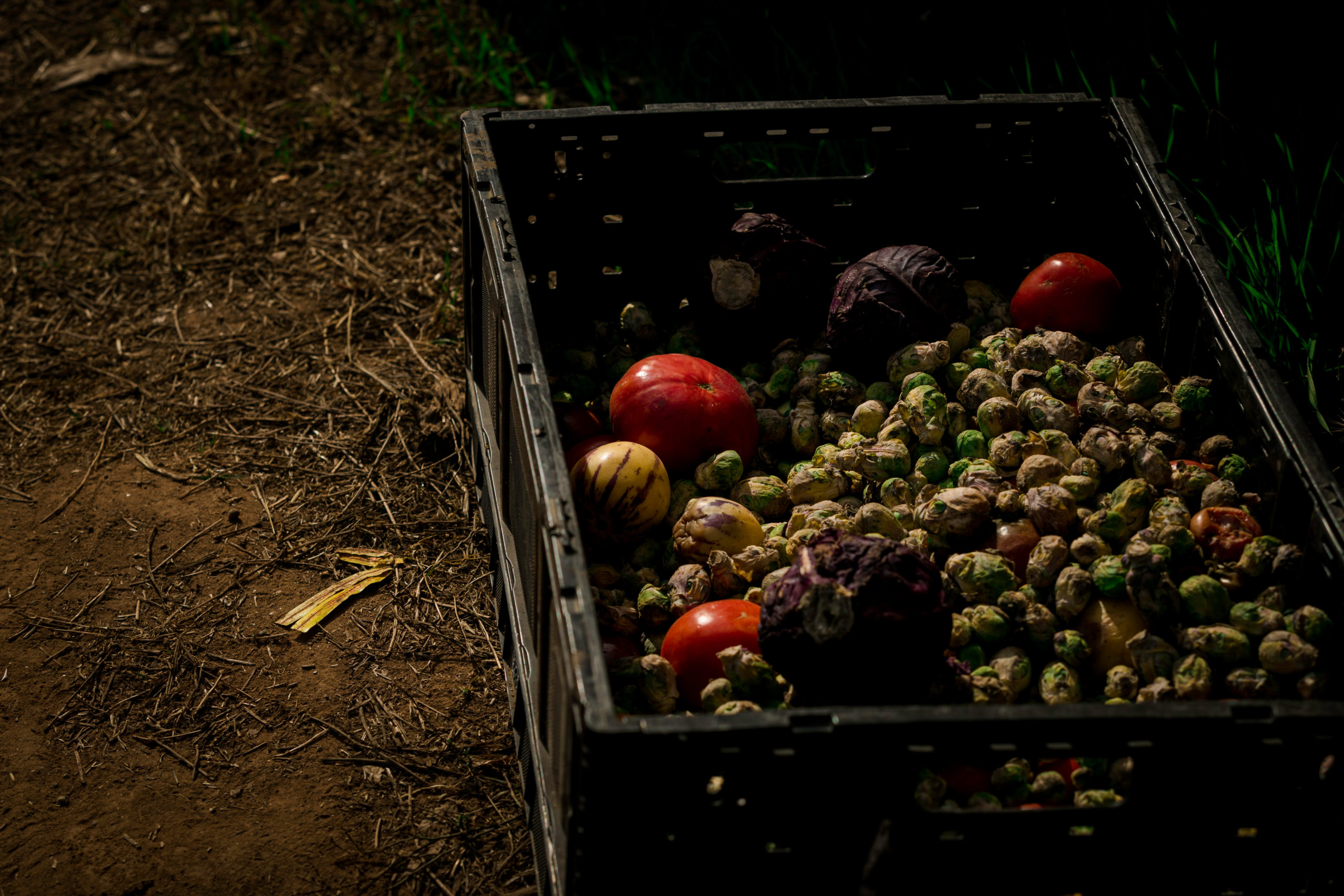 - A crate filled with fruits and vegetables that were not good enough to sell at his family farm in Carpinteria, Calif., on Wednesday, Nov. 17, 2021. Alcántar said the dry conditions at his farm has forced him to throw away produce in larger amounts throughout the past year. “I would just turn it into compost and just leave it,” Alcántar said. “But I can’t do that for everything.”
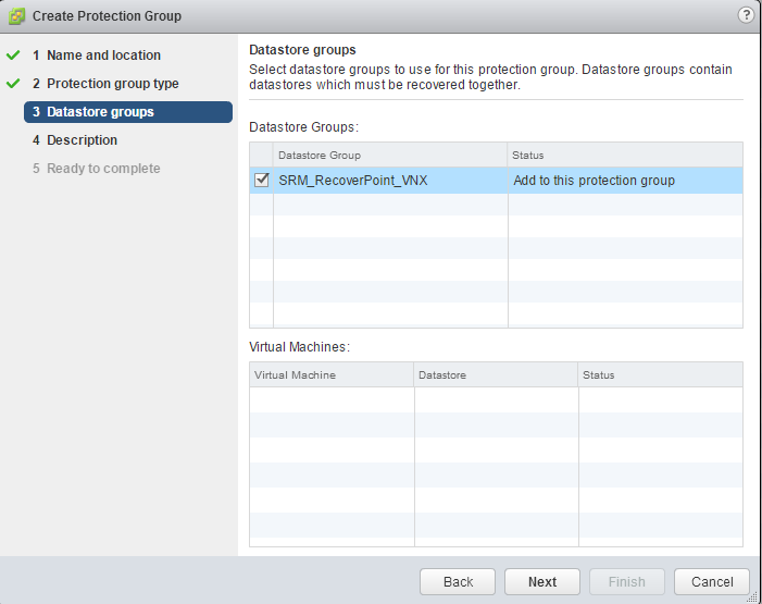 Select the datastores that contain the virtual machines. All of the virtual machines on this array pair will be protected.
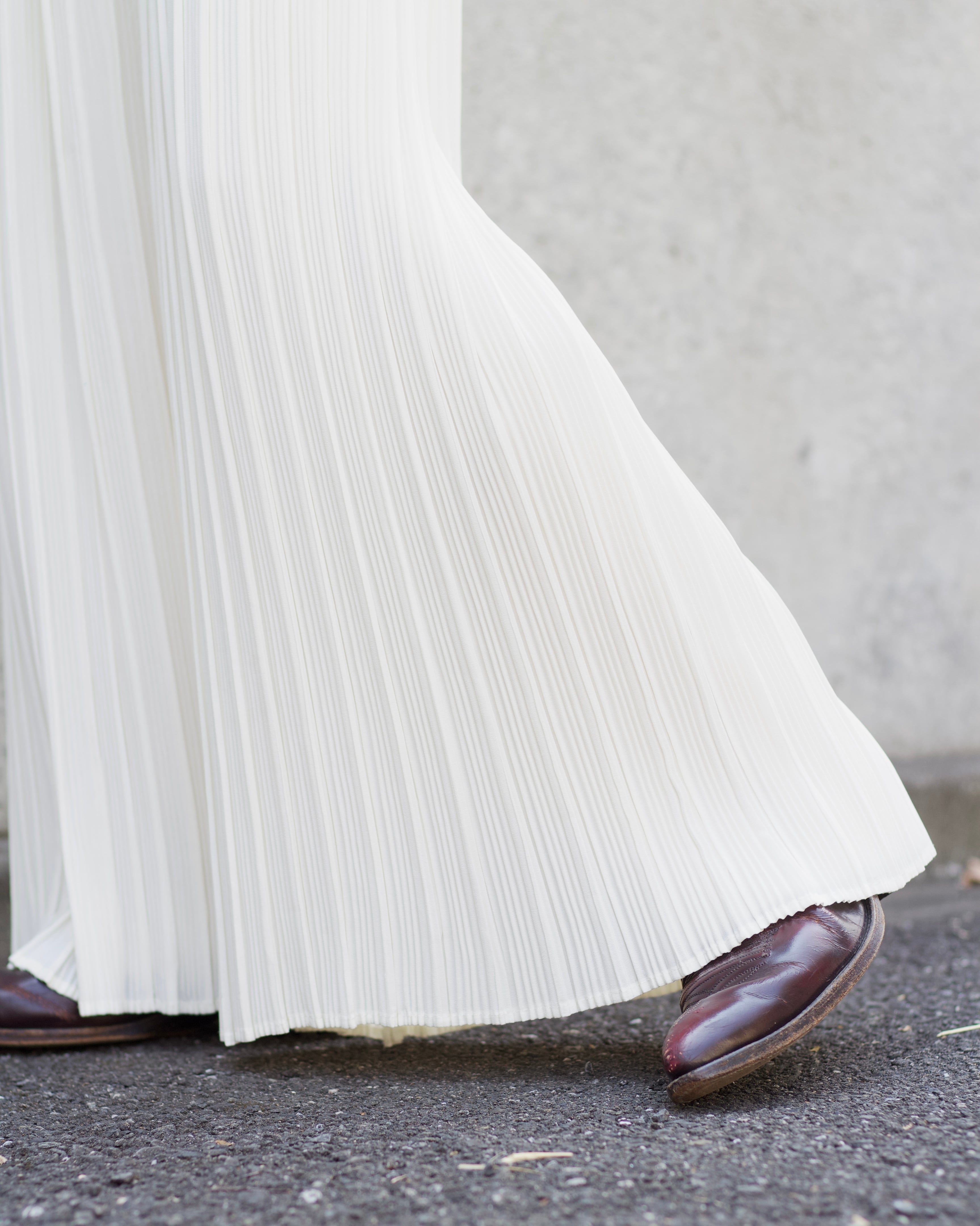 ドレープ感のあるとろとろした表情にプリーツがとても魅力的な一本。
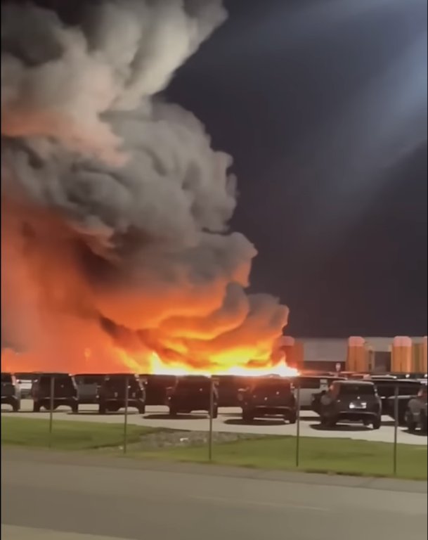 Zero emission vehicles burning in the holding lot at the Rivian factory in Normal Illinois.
════════
Write the listing out again in full and unchanged, minus any pictures.

 - A crate filled with fruits and vegetables that were not good enough to sell at his family farm in Carpinteria, Calif., on Wednesday, Nov. 17, 2021. Alcántar said the dry conditions at his farm has forced him to throw away produce in larger amounts throughout the past year. “I would just turn it into compost and just leave it,” Alcántar said. “But I can’t do that for everything.”
 Select the datastores that contain the virtual machines. All of the virtual machines on this array pair will be protected.
 ドレープ感のあるとろとろした表情にプリーツがとても魅力的な一本。
 Zero emission vehicles burning in the holding lot at the Rivian factory in Normal Illinois.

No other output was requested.